POSA_Copyrighter/docs/project-introduction-and-technical-implementation.md

# Copyrighter Project Introduction and Technical Implementation

## 1. Project Overview

Copyrighter is an operator-facing image rights review system. It helps a review team identify potentially risky image submissions before they are approved for use. The system does not automatically make a legal copyright decision. Instead, it gathers evidence, computes a triage risk score, summarizes source-linked findings, and presents the case to a human operator for final approval, hold, rejection, or correction.

The core product idea is evidence-led review:

- collect internal image signals from the submitted file;
- enrich the case with approved external search and computer vision sources;
- compare images against known reference material and collected candidates;
- generate a source-grounded LLM summary for operator readability;
- preserve all evidence, actions, and changes in an auditable local database.

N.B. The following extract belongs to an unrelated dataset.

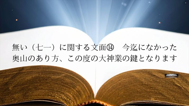 1.補巻 月光の巻 第七帖 今迄になかった奥山のあり方、この度の大神業の鍵となります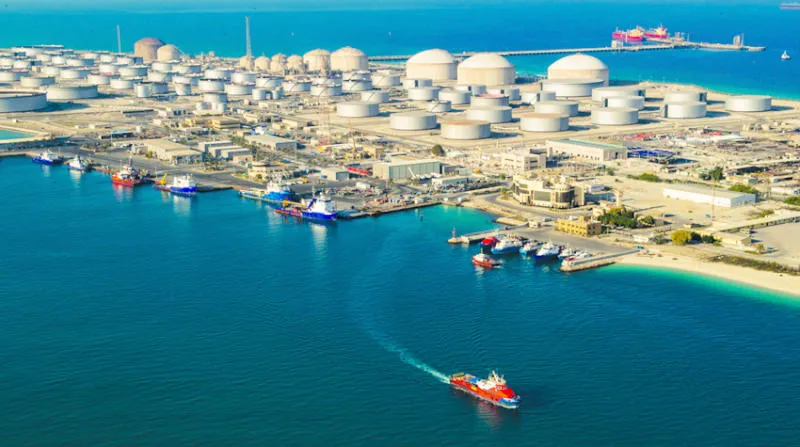 صهاريج نفط وسفن شحن بميناء رأس تنورة في المنطقة الشرقية بالسعودية على الخليج العربي (موقع شركة أرامكو السعودية)

## 2. What Problem It Solves

Image review teams often need to decide whether a submitted image may be associated with a celebrity, character, broadcast, webtoon, game, brand asset, copied source image, or previously rejected internal reference. A manual-only workflow is slow because the operator has to inspect the image, search the web, remember prior decisions, compare similar images, and document the reason.

Copyrighter reduces that effort by turning a raw submission into a structured review case:

- a risk score and risk band for queue prioritization;
- top evidence explaining why the case may be risky;
- external search tool status for Google, Naver, and local LLM summarization;
- source URLs, image candidates, query history, and provider failures;
- a knowledge database for confirmed, watchlist, and excluded references;
- an audit log for operational traceability.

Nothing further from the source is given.